Freire is hardly alone. “The practice of violence binds them together as a whole, since each individual forms a violent link in the great chain, a part of a great organism of violence,” wrote the philosopher Frantz Fanon in his often-cited book, The Wretched of the Earth. “At the level of individuals, violence is a cleansing force. It frees the native from his inferiority complex and from his despair and inaction; it makes him fearless and restores his self-respect.”
Even those on the New Left who were skeptical of “potentially liberating violence” (at least on a tactical level) like Herbert Marcuse nevertheless advocated “the withdrawal of toleration of speech and assembly from groups and movements which promote aggressive policies” or “oppose the extension of public services…”
All of this has been internalized by the faculty and passed on to the student body. The rehabilitation of targeted violence to achieve political aims is a familiar project on college campuses. After all, “snitches get stitches” is just a more pedestrian way of communicating one’s opposition to what University of Washington professor Devon Peña called in 2010 “the structural violence that allows neoliberal capitalism to colonize every single gay, lesbian, trans-gendered, and straight body on this plant.”
This project is working.
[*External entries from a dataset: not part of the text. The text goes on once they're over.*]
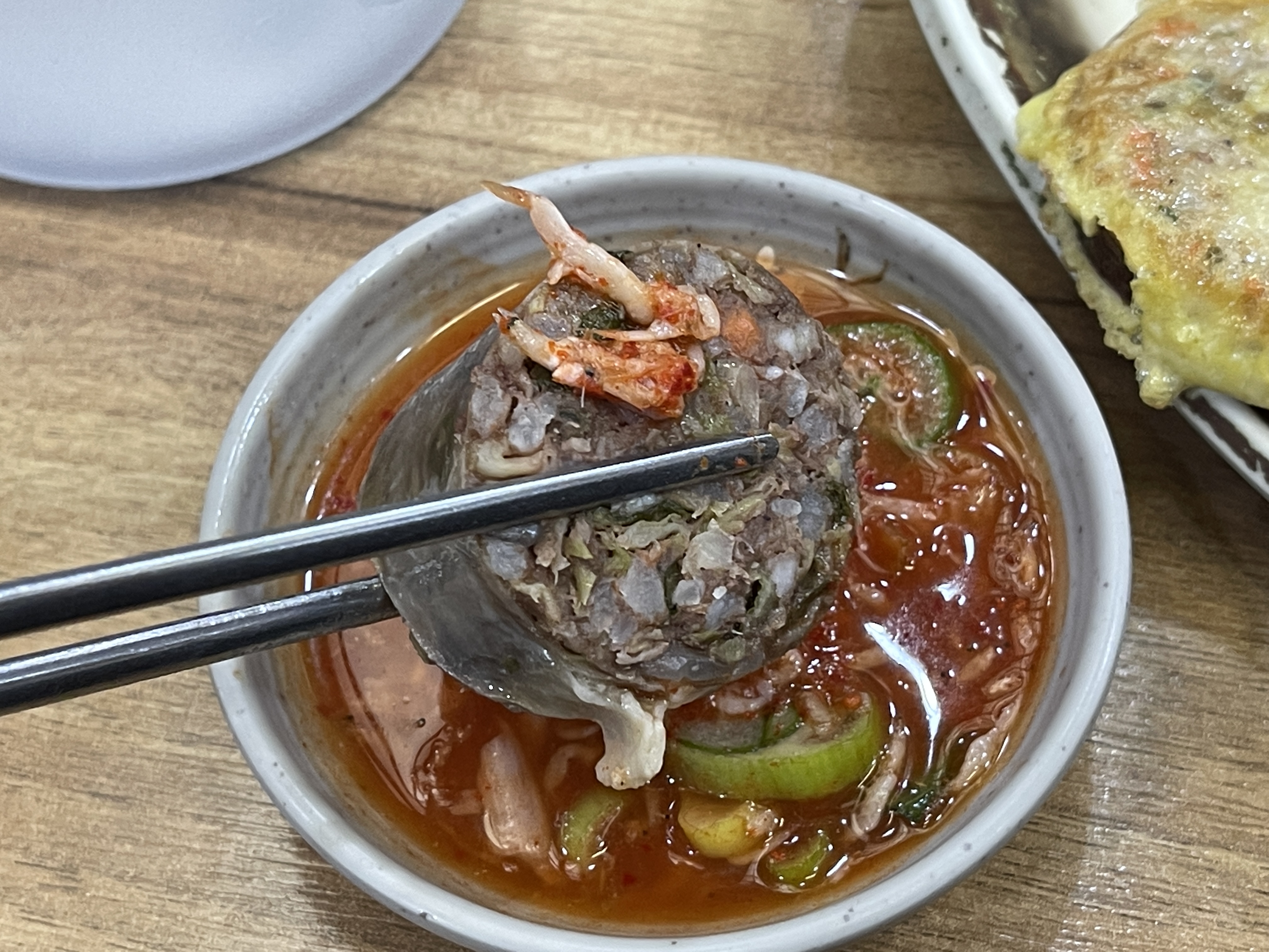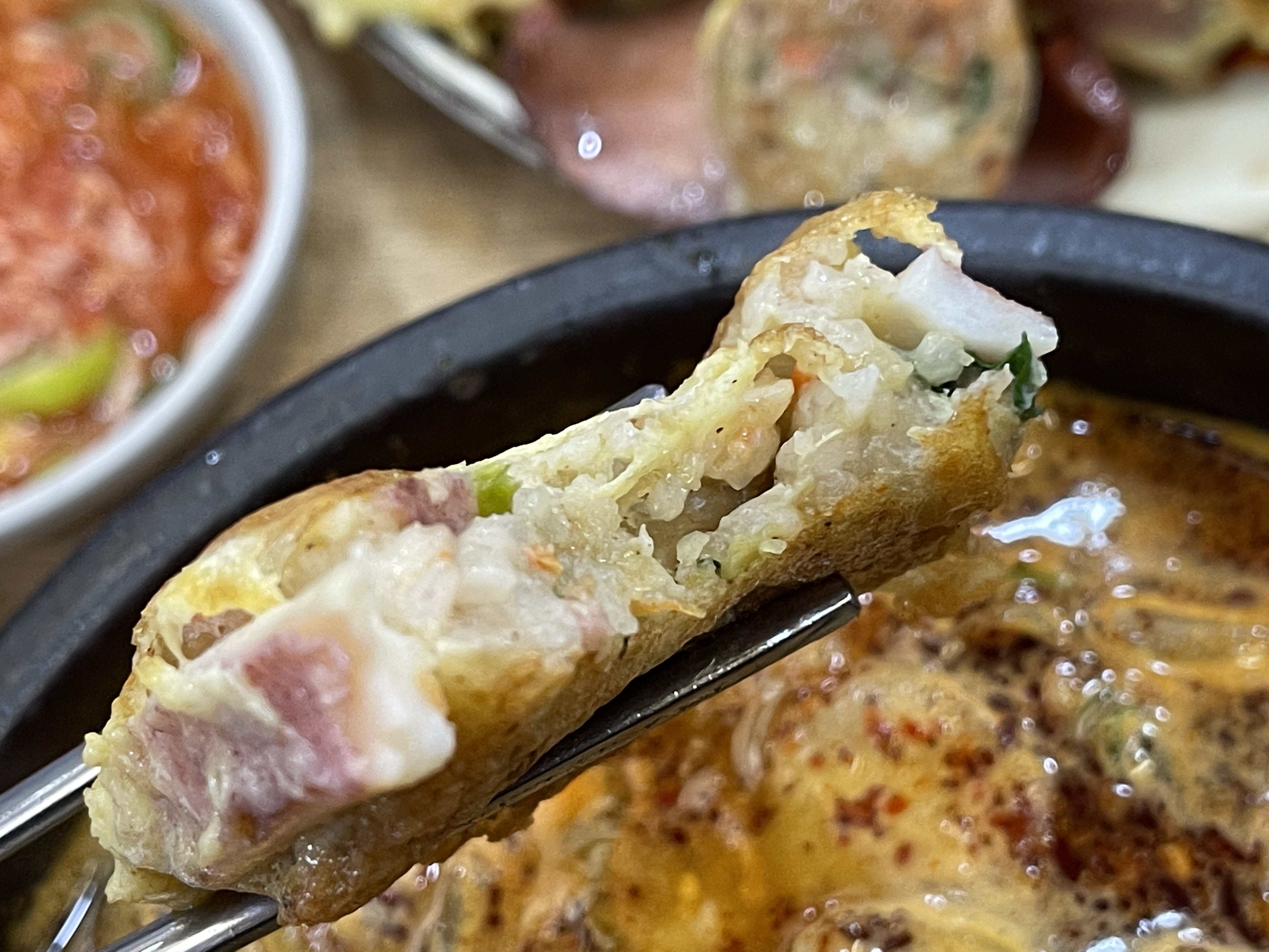겉을 감싼 쫄깃한 오징어가 순대소와 잘 어우러지고
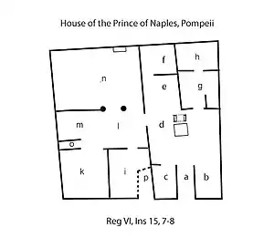 The House of the Prince of Naples[1][2][3] is a Roman domus (townhouse) located in the ancient Roman city of Pompeii near Naples, Italy. The structure is so named because the Prince and Princess of Naples attended a ceremonial excavation of selected rooms there in 1898.
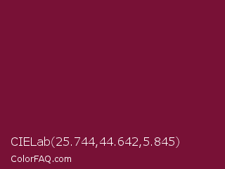 CIELab 25.744,44.642,5.845 Color is a dark rose color and the nearest color is Claret #7f1734. Hex code #781136 and RGB value is rgb(120,17,54). In RGB color space, this color is composed of 47% red, 7% green, 21% blue, In CMYK color space, this color is composed of 0% cyan, 86% magenta, 55% yellow , 53% black , In HSL color space, this color has a hue angle of 338° , 75% saturation and 27% lightness.
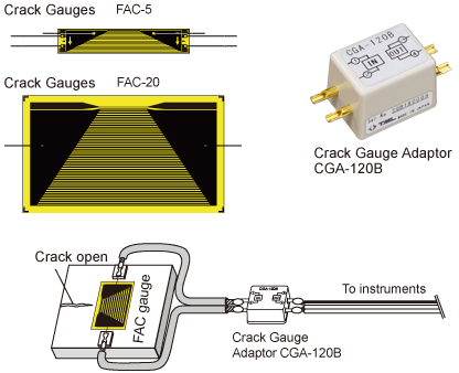 使用時,請事先將應變計黏貼於裂縫已發生或預測可能發生的位置。當裂縫擴展時,柵格線會依序斷裂,輸出值亦隨之變化。
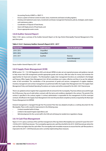 Table 3.13.8.1 gives a summary of the Auditor-General’s Report on the Ugu District Municipality Financial Management of the past three years.
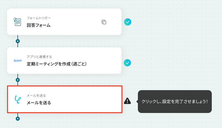- フォームのトリガー設定、Zoomとメールのアクション設定
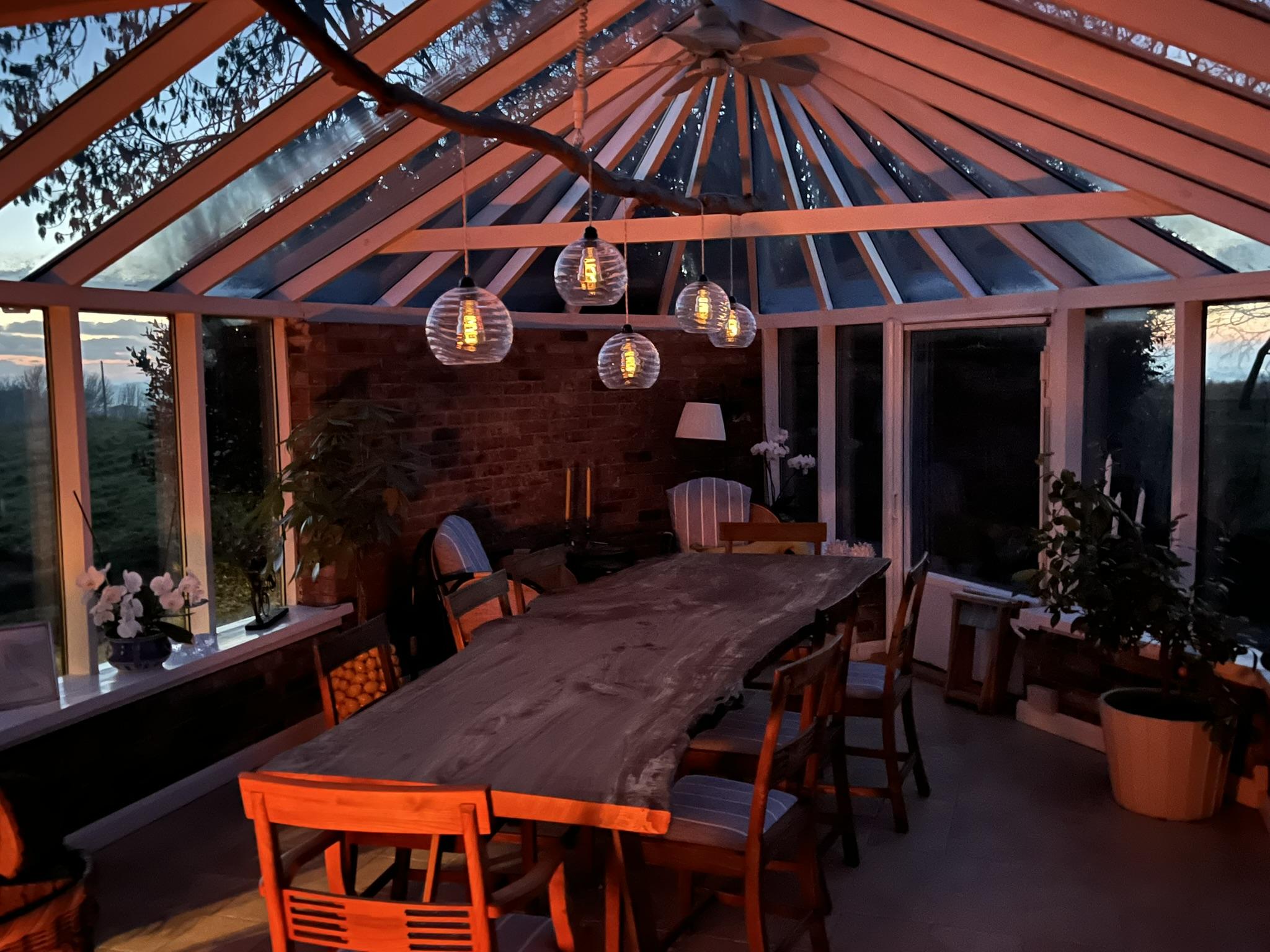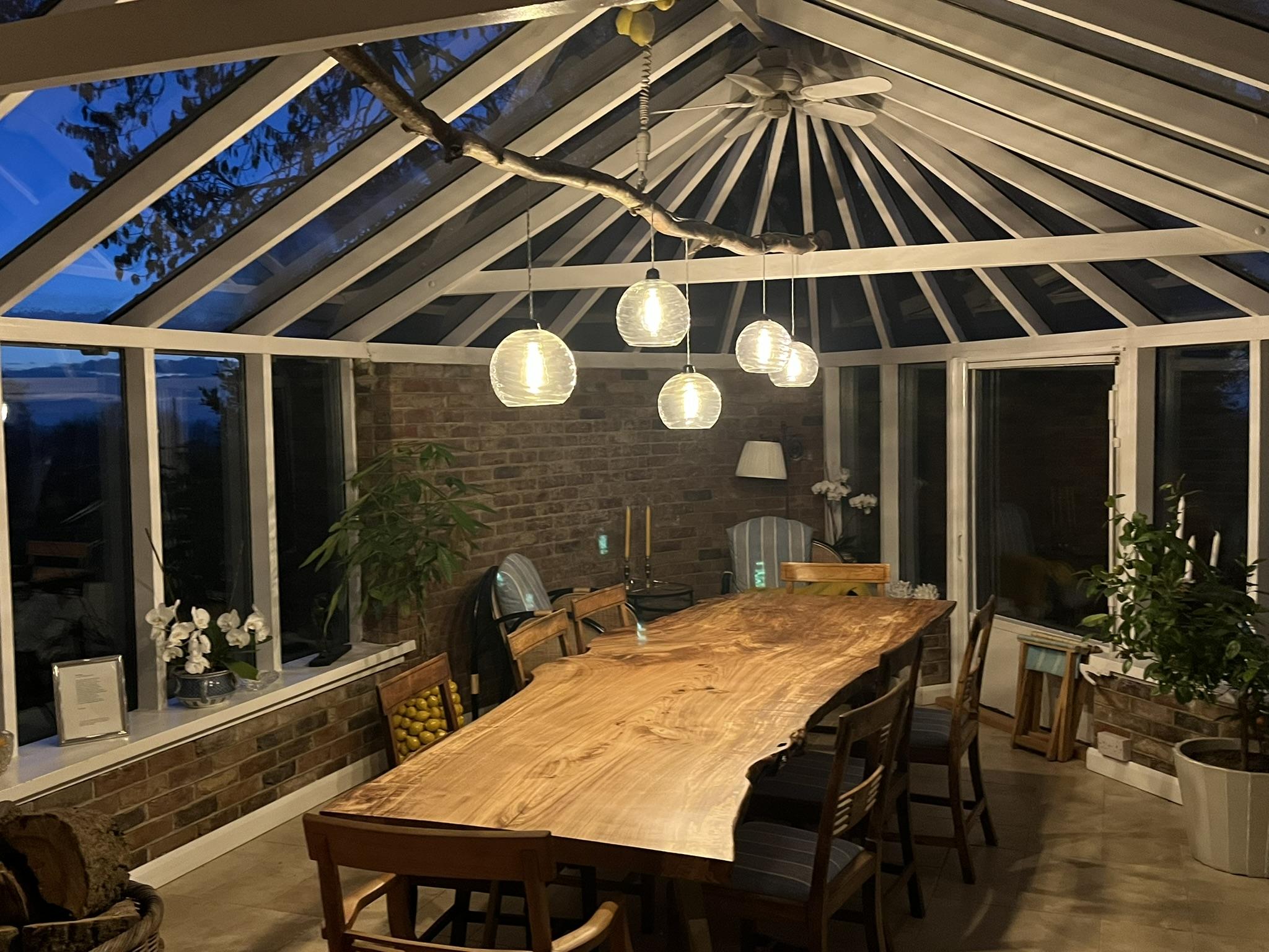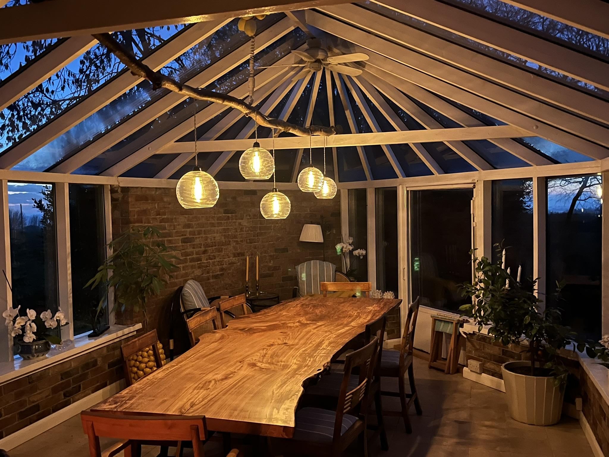 Yeah that is a lovely room, fair play.  I would say the actual building built from ash is way more impressive than the table.  Not dissing the table at all but many people could do that; few try and construct a real wood conservatory these days.  Well done.
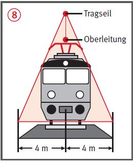(Fahrleitung, Quertragwerke, Speiseleitung, Fahrschiene) sicherstellen, Schutzabstand bei 15kV mind. 1,5 m.
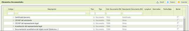 En lo relativo a Documentos que acompañan, en esta primera opción de Elementos Documentales se definen cada uno de ellos, dando opción a dar de altas nuevos, que serán tenidos en cuenta en las tablas del Gestor Documental.
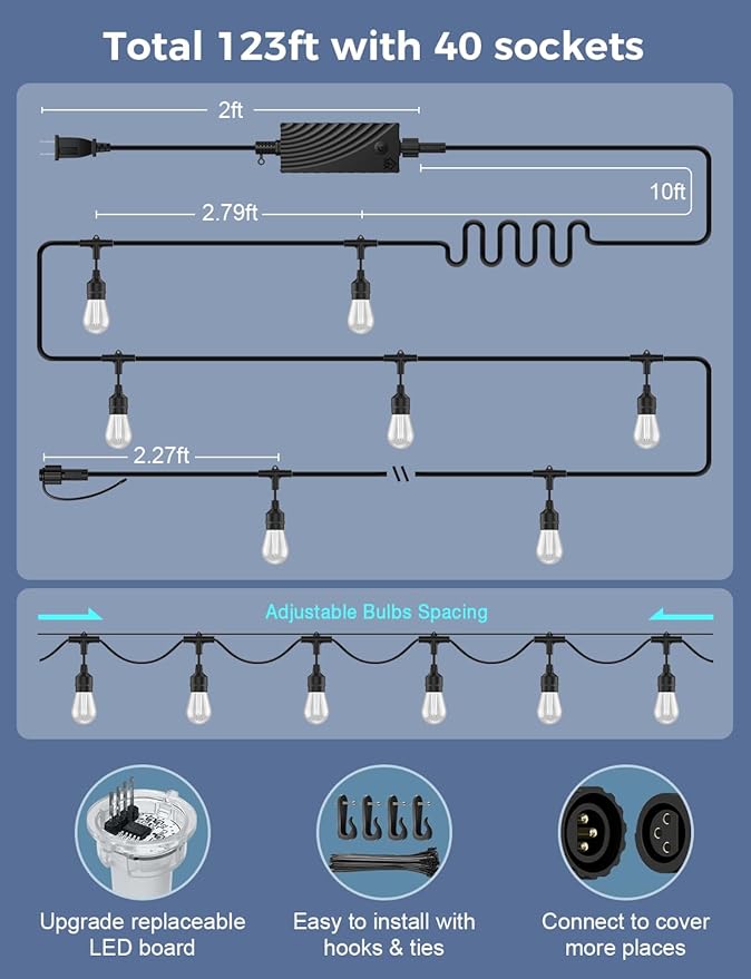 - Hassle-free Group Control: Manage multiple sets of led patio string lights as a single unit to sync the same series of lights across locations with one touch; and you can also easily control the same set of string lights with your family or friends
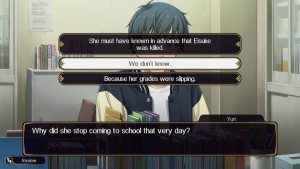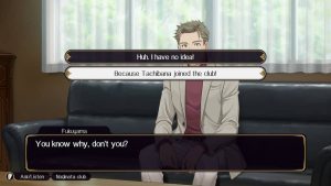 During this chapter, you will need to question the murder victim's friend, talk with some other middle school students, and then visit Yoshie at the retirement home. While speaking to Fukuyama before speaking with Kohei, he will ask you questions about Ayumi. For the answer to his question, choose "Because Tachibana joined the club!" After that, make sure to Show Fukuyama your Superior friendship with Ayumi.
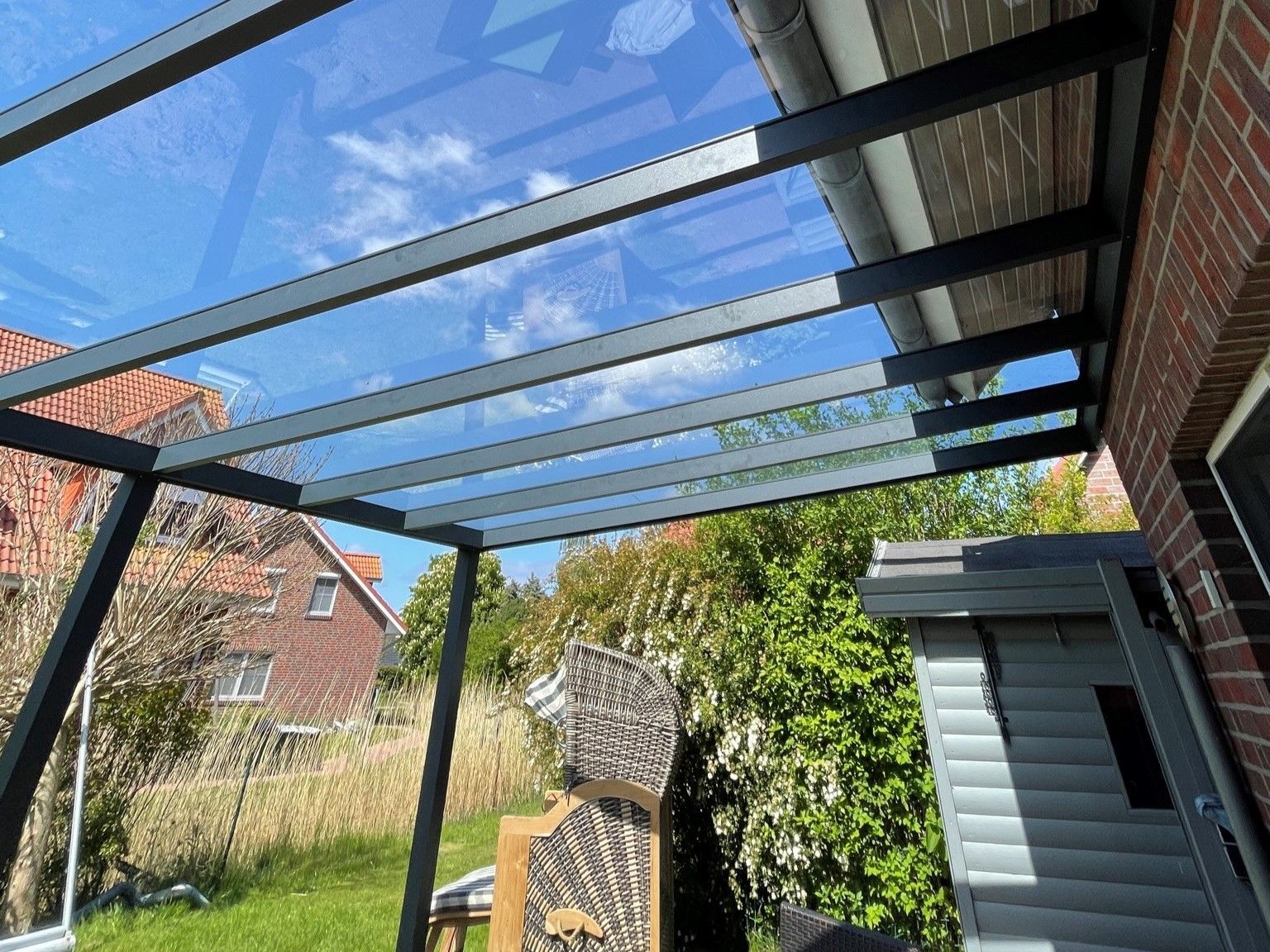 Es ist ein ausfahrbarer Sonnen- bzw. Regenschutz auf der Terrasse instaliert.
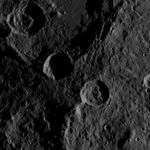 This southern hemisphere scene from dwarf planet Ceres encompasses parts of the craters Mondamin and Darzamat. Mondamin, which is 78 miles (126 kilometers) wide, is the large crater located in the top half of the image. Darzamat, at 57 miles (92 kilometers) wide, is at bottom-right.
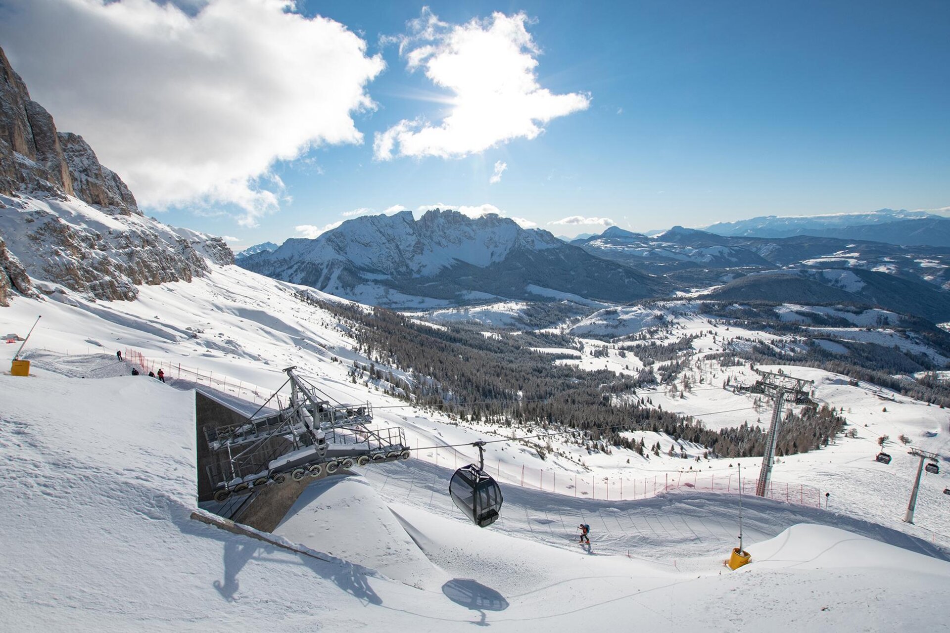 Obwohl eigenständig, ist das Skigebiet Carezza mit dem Skibus bestens an Vigo und Pozza di Fassa, Obereggen und sogar an die Seiser Alm angebunden - und öffnet so Horizonte zu den benachbarten Tälern.
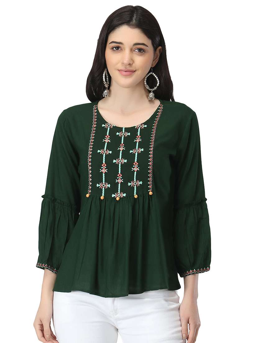- » green round neck embroidered tunic

In 2017, one survey found that a majority of matriculated college students believed it was acceptable, even necessary, to apply a Marcusian maximalist view toward the suppression of views deemed beyond the pale. Almost one-fifth of students said they agreed that violence was an acceptable form of protest against speakers with whom they disagreed. Too often, the exploration of political violence less resembles an academic exercise and verges into the realm of advocacy. If the threat posed by political violence was once only theoretical, it isn’t anymore. And it is long past time for some accountability.